▶ **INSTRUCTIONS TO FOLLOW**:
Reproduce the whole listing word for word. Leave every image out.
-------- STORED DATA
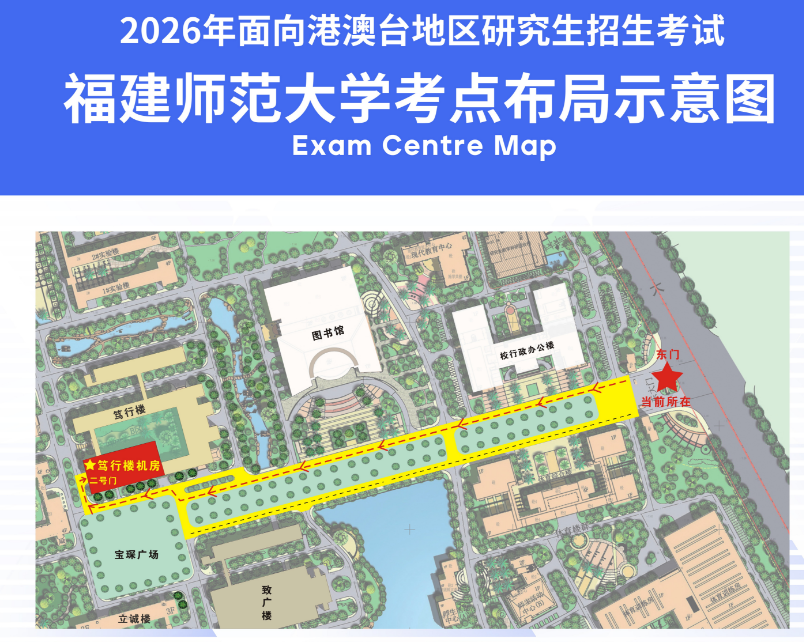 所有考生均从福建师范大学旗山校区东门步行进入学校,从笃行楼二号门经安检后进入考点。考生随行人员及车辆一律不得进入考点。考生向门卫出示纸质准考证或报名时使用的有效身份证件原件后入校。
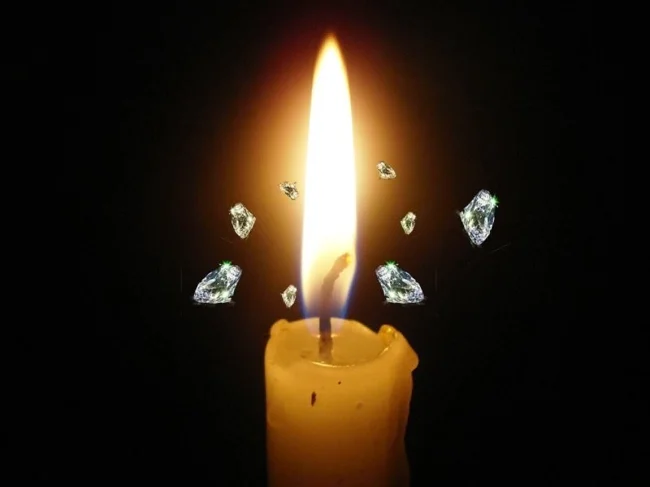 Згідно з дослідженням 2011 року, полум'я свічки щомиті народжує близько 1,5 млн наночастинок алмазу. Побачити ці алмази неможливо, оскільки розмір кожного кристала становить близько 0,003 мікрона. У процесі горіння алмази швидко плавляться, перетворюючись на вуглекислий газ, так що зібрати «свічковий» діамант не вийде.
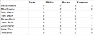 The Patriots’ offensive line mostly did its job by keeping Jones clean on 75.8 percent of his drop-backs with an average time to throw of 2.72 seconds.
----------------
▶ **SOLUTION TO THIS PROBLEM**:
 所有考生均从福建师范大学旗山校区东门步行进入学校,从笃行楼二号门经安检后进入考点。考生随行人员及车辆一律不得进入考点。考生向门卫出示纸质准考证或报名时使用的有效身份证件原件后入校。
 Згідно з дослідженням 2011 року, полум'я свічки щомиті народжує близько 1,5 млн наночастинок алмазу. Побачити ці алмази неможливо, оскільки розмір кожного кристала становить близько 0,003 мікрона. У процесі горіння алмази швидко плавляться, перетворюючись на вуглекислий газ, так що зібрати «свічковий» діамант не вийде.
 The Patriots’ offensive line mostly did its job by keeping Jones clean on 75.8 percent of his drop-backs with an average time to throw of 2.72 seconds.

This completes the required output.